- Author(s): Martin Pasko (1978–1979) Paul Levitz (1979–1981), Gerry Conway (1981), Mike W. Barr (1981–1982), Paul Kupperberg (1982–1985), Bob Rozakis (The Superman Sunday Special)
- Illustrator(s): George Tuska and Vince Colletta (1979–1982), José Delbo and Sal Trapani (1982–1985)
- Current status/schedule: Daily and Sunday; concluded
- Launch date: April 3, 1978
- End date: February 10, 1985
- Alternate name(s): The World's Greatest Superheroes Present Superman (1979–1982) Superman (1982–1983) The Superman Sunday Special (1983–1985, Sundays only)
- Syndicate(s): Chicago Tribune/New York News Syndicate
- Genre(s): Superhero

= The World's Greatest Superheroes =

American comic strip (1978–1985)

The World's Greatest Superheroes was a syndicated newspaper comic strip featuring DC Comics characters which ran Sunday and daily from April 3, 1978, to February 10, 1985. It was syndicated by the Chicago Tribune/New York News Syndicate.

==History==
Initially starring Superman, Batman, Robin, Wonder Woman, the Flash and Black Lightning, the strip underwent several title changes, as the focus changed to primarily feature Superman.

| Title | Dates |
|---|---|
| The World's Greatest Superheroes | April 3, 1978 to October 13, 1979 |
| The World's Greatest Superheroes Present Superman | October 14, 1979 to August 14, 1982 |
| Superman | August 15, 1982 to January 8, 1983, then dailies only from January 10, 1983, to February 9, 1985 |
| The Superman Sunday Special | Sundays only from January 9, 1983, to February 10, 1985 |

Writers: Martin Pasko scripted at the beginning.
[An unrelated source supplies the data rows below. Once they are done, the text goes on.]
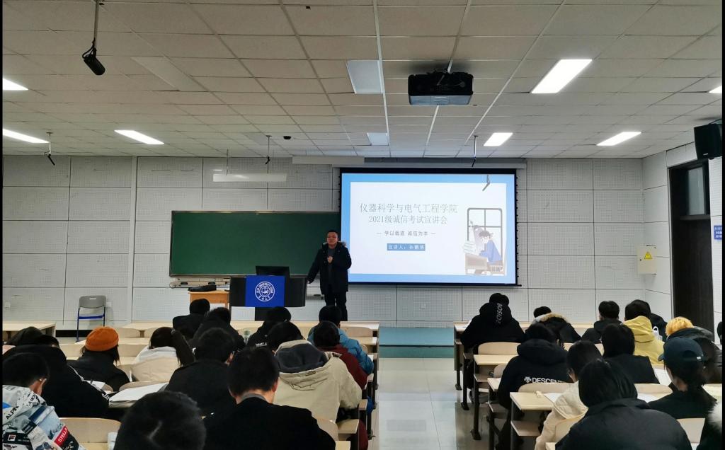为全面贯彻落实365英国上市公司2021-2022学年第一学期期末考试工作暨考风考纪教育布置会议精神,树立良好的学风、考风,确保期末考试的顺利进行,365英国上市公司于12月18日在李四光楼召开2021级诚信考试教育大会,本次大会由孙鹏博老师主持,2021级全体同学参加。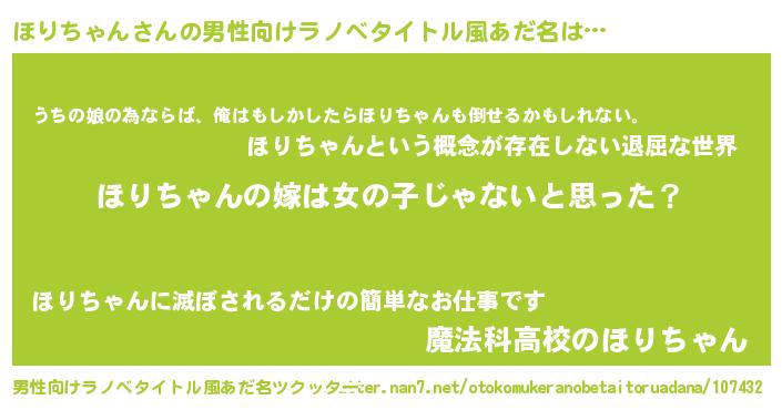 | 女子向けラノベタイトル風あだ名 | 『ほりちゃん様がみてる』 |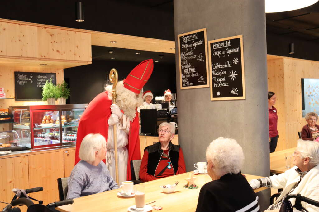 Der Samichlaus hat zu seinem Besuch im Zentrum Biffig eine schöne Geschichte mitgebracht, die er unseren Bewohnern erzählt hat. Er hat sich für jede der anwesenden Personen im Restaurant Zeit genommen und nachgefragt, wer denn ein Sprüchlein für ihn hat. Er wusste allerlei zu erzählen, was im Biffig so läuft und wer was gerne oder weniger gerne mag. Natürlich hat der Schmutzli einen grossen Sack mit Klaussäckli mitgebracht, sodass jeder der Anwesenden eines bekommen hat. Auch beim Verteilen der Brämi war der Schmutzli fleissig.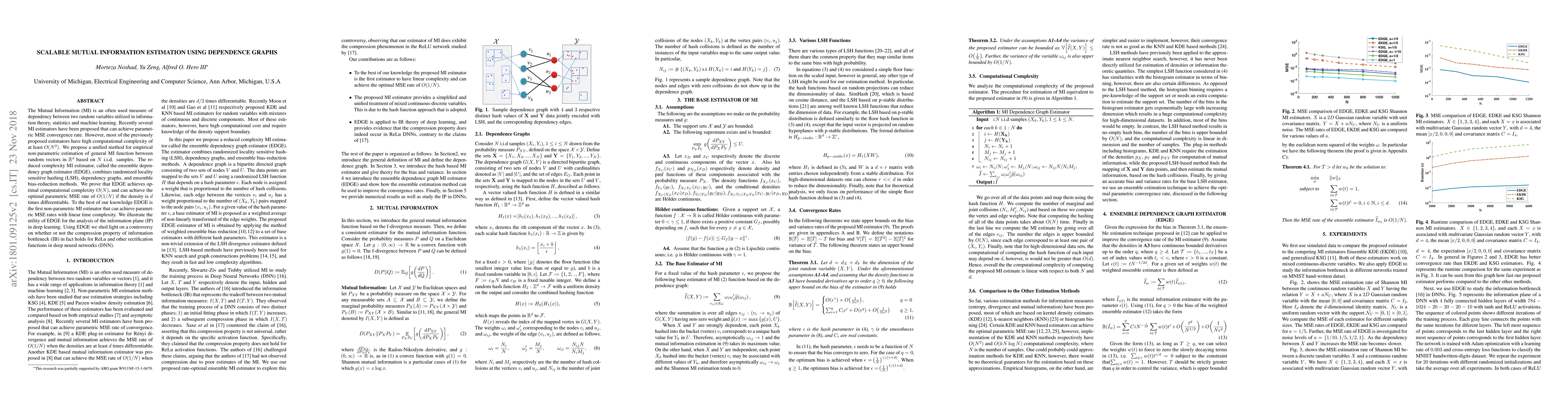The Mutual Information (MI) is an often used measure of dependency between two random variables utilized in information theory, statistics and machine learning. Recently several MI estimators have been proposed that can achieve parametric MSE convergence rate. However, most of the previously proposed estimators have the high computational complexity of at least $O(N^2)$. We propose a unified method for empirical non-parametric estimation of general MI function between random vectors in $\mathbb{R}^d$ based on $N$ i.i.d. samples. The reduced complexity MI estimator, called the ensemble dependency graph estimator (EDGE), combines randomized locality sensitive hashing (LSH), dependency graphs, and ensemble bias-reduction methods. We prove that EDGE achieves optimal computational complexity $O(N)$, and can achieve the optimal parametric MSE rate of $O(1/N)$ if the density is $d$ times differentiable. To the best of our knowledge EDGE is the first non-parametric MI estimator that can achieve parametric MSE rates with linear time complexity. We illustrate the utility of EDGE for the analysis of the information plane (IP) in deep learning. Using EDGE we shed light on a controversy on whether or not the compression property of information bottleneck (IB) in fact holds for ReLu and other rectification functions in deep neural networks (DNN).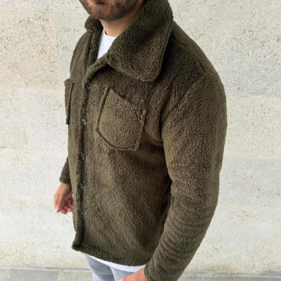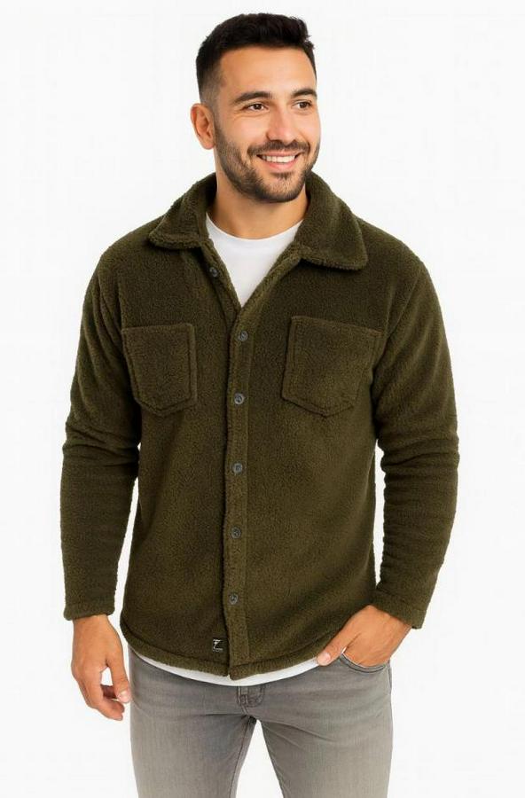 Erkek Pelüş Polar Hırka Gömlek – Yakalı, İlik Düğmeli, Göğüs Cepli, Yumuşak Dokulu Kışlık Regular Fit Rahat Günlük Model - Haki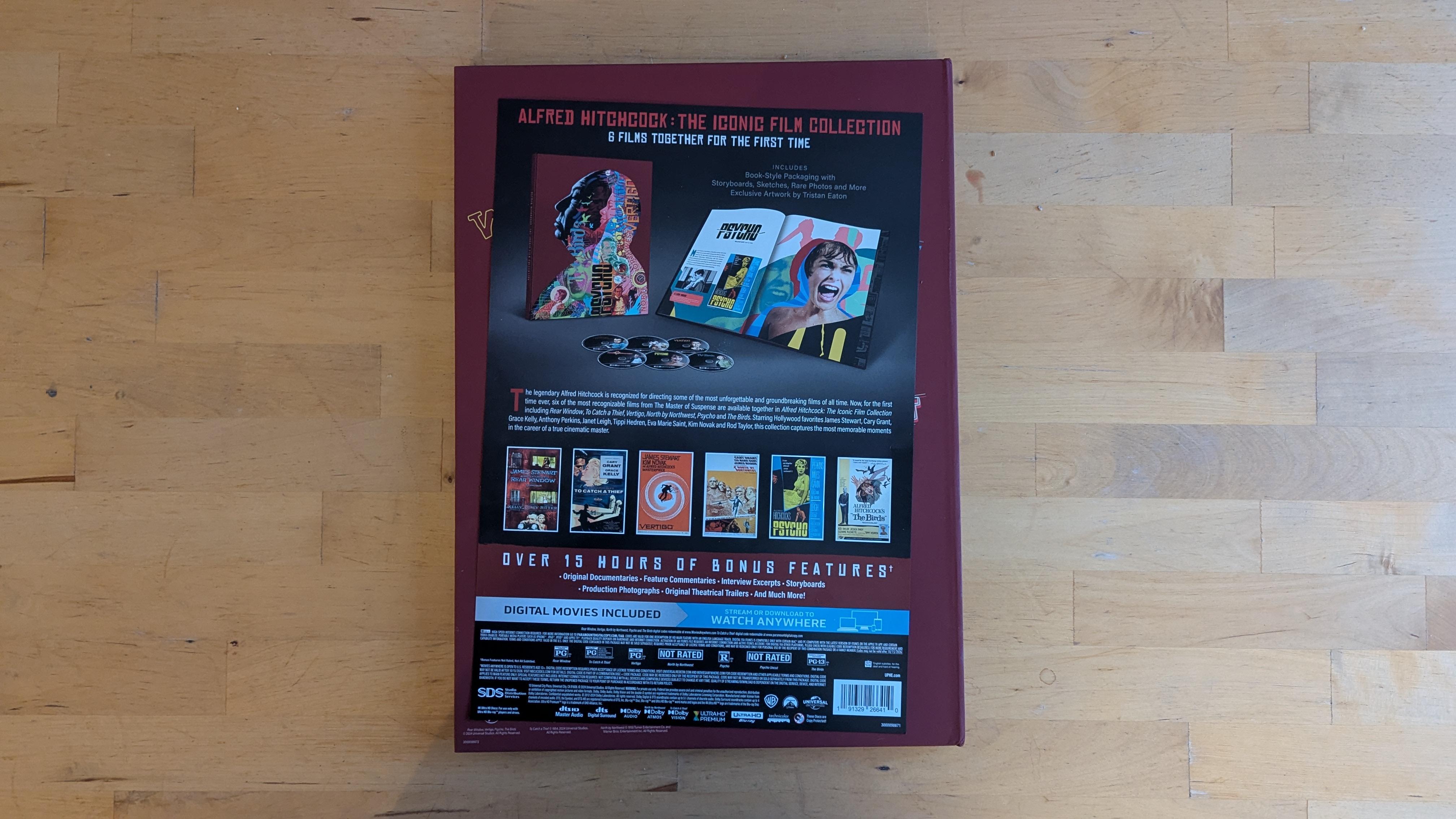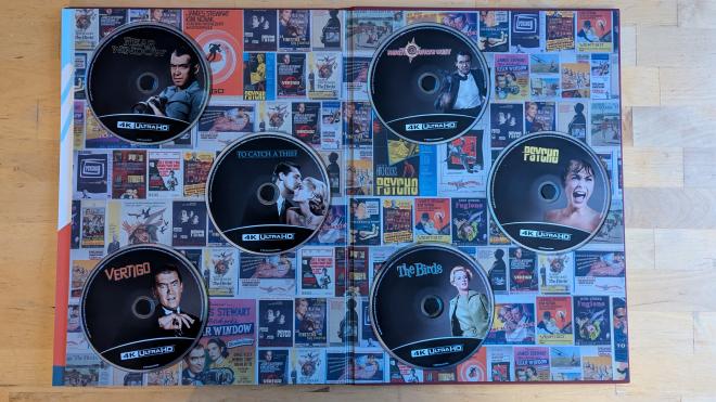 The master of suspense comes home with a special deluxe book set big enough to fit his stature. The Alfred Hitchcock: The Iconic Film Collection is a limited edition six-disc six film coffee table book set offering To Catch A Thief, Vertigo, North by Northwest, Psycho, The Birds, and Rear Window. All of the discs present are identical to the ones already available including the newly released North by Northwest from Warner Bros and To Catch a Thief from Paramount - just with different disc artwork designed to match the four other films from Universal. There is a digital slip, but it's a bit of an odd duck. One code unlocks Vertigo, Psycho, The Birds, and Rear Window while another code unlocks North by Northwest. Those two codes are Movies Anywhere compatible. Flip the slip over and you have a code for To Catch a Thief only this one is redeemable through Paramount's service and is not Movies Anywhere compatible. Get all that? After all the cool pages of photos and blips and blurbs, the six discs are held in the book in recessed holes with secure center tabs. So no thin paper sleeves or any of that nonsense.

Paul Levitz took over October 15, 1979 until March 22, 1981, with his initial story coming from a Pasko idea. Gerry Conway then picked up the assignment. A continuity from Mike W. Barr followed, appearing October 26, 1981 through January 10, 1982. Paul Kupperberg handled continuities from January 11, 1982, until the end, including a segment from January 12 through March 12, 1981, that he ghosted for Levitz. Bob Rozakis wrote all but two of The Superman Sunday Specials.

Artists: Initially dailies and Sundays were penciled by George Tuska and inked by Vince Colletta. At various times from April 25 until November 13, 1982, the strip was worked on by Tuska, Colletta, José Delbo, Bob Smith, Frank McLaughlin and Sal Trapani. Delbo and Trapani then illustrated the feature from November 14, 1982, until the end.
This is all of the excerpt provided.